Though originally bound for Atari 2600, the observe-and-look-further learning strategy still today addresses challenges like reward processing, long-term planning, and efficient exploration. The insights gained from Atari environments can be applied to other domains, such as robotics, natural language processing, and autonomous vehicles. Designed to tackle challenges in reinforcement learning, the algorithm processes rewards of varying densities and scales, it can handle different types of rewards effectively. Using an auxiliary temporal consistency loss, the algorithm can reason over extended time periods, which is crucial for complex tasks. To address the exploration problem more efficiently, the algorithm leverages human demonstrations [53].
The first-return-and-then-explore strategy is another clever approach in reinforcement learning that helps agents explore their environment more effectively. Returning to familiar states helps the agent remember promising locations – preferably spots with potential rewards or interesting features. By revisiting them, the agent reinforces its memory. Once known states have been revisited, the agent can confidently venture into uncharted territory and make smarter decisions. The strategy helps agents handle sparse rewards (where feedback is infrequent) and deceptive feedback (where rewards can mislead). Balancing curiosity with wisdom, the approach has shown impressive results in solving challenging reinforcement learning tasks, from video games to robotics (and perhaps once, it can perform in the architectural designing realm, too) [54].
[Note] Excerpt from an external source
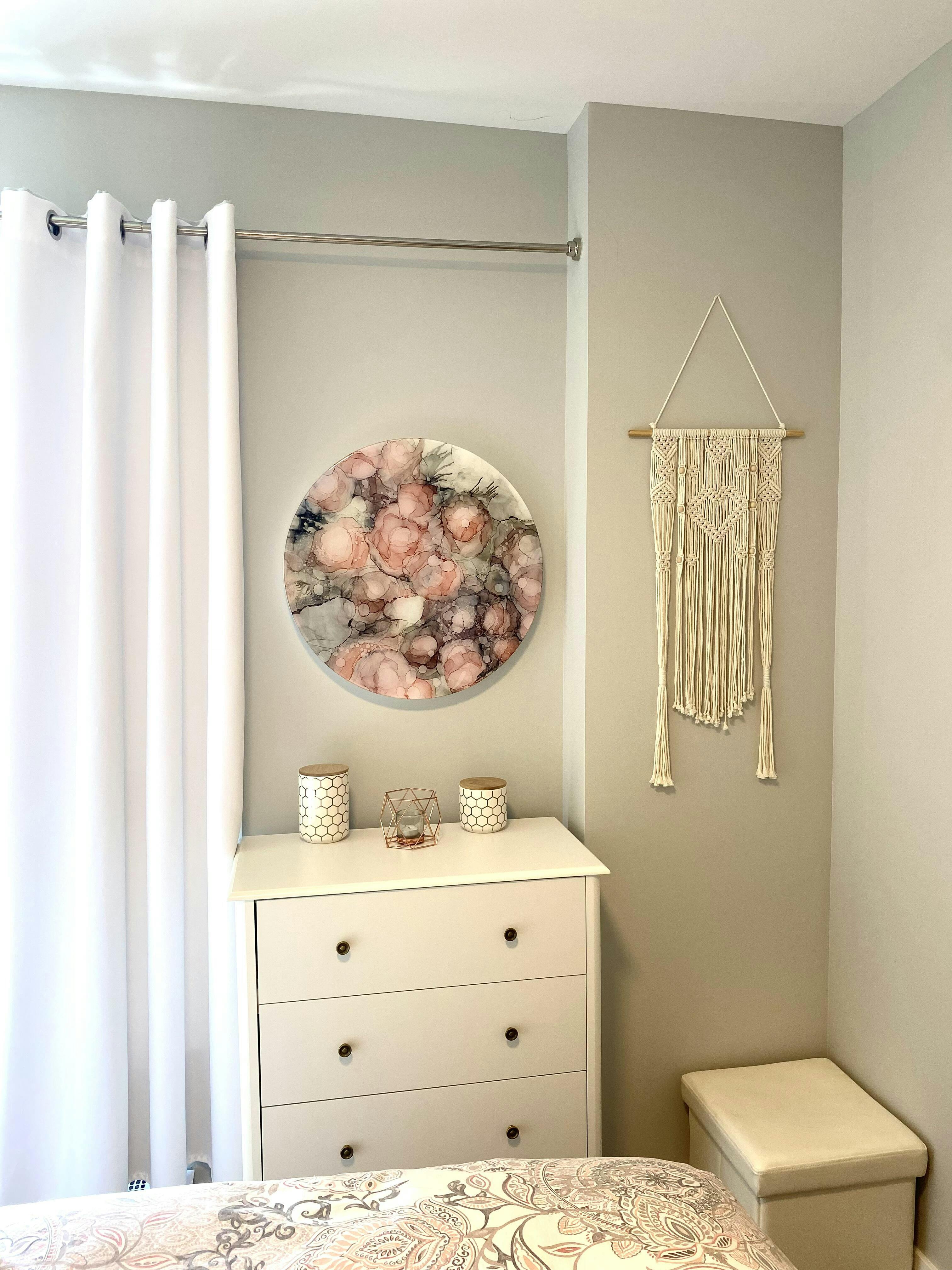 Epoxy resin: Your work is sealed between a 1'' thick pine wood panel and several layers of epoxy resin. Resin is the option that will preserve your work the longest in addition to giving it a glamorous effect. It will bring out all the colors by adding depth thanks to its "crystal" effect. This option includes the pine wood panel, the epoxy resin and the application thereof. The edges of your work will be kept in natural wood. The delivery time is 7 to 10 working days with tracking number.

Also self-supervised learning renders a promising path to advance machine learning. As opposed to supervised learning, which is limited by the availability of labeled data, self-supervised approaches can learn from vast unlabeled data [55], the model generating its own labels from the input data. Given a specific task, the self-supervised learning approach can outperform the reinforcement learning strategy in terms of data efficiency (learning from the structure of the input data itself, without needing explicit rewards or penalties), generalization (learning a more general understanding of the data, rather than optimizing for a specific reward function), stability (self-supervised learning often having more stable and predictable training dynamics than reinforcement learning that, especially in environments with sparse or delayed rewards, can sometimes be unstable or difficult to train), and in general being less demanding man-performed interventions like, for example, rewards design [56].
Self-supervised learning is the strategy that, among others, „runs“ Sora – a text-to-video model developed recently by OpenAI [57]. Mentioned further in this paper, Sora is designed to understand and simulate the physical world in motion, to solve problems that require real-world interaction – similar to how poiétic architectural concept designs come into existence. As promised, this paper will further delve into the idea of architectural robots elaborating designs of production architecture (the term coined in section (4)) making use and benefits of imitation-based, self-learning, and other novel machine learning strategies.
Finally yet importantly, heading to AI understanding and predicting others’ actions like humans do, the machine theory of mind (ToM) asserts an intriguing concept inspired by how humans understand each other based on past behavior. Analogically, the machine observes how agents (or people or robots) behave. Using meta-learning (learning how to learn), the machine builds models of the agents and predicts, how agents might act in the future, even in unprecedented situations. Such a strategy performs better interaction with humans, advances multi-agent AI where multiple AIs collaborate or compete, and makes AI more interpretable, transparent, and safe [58].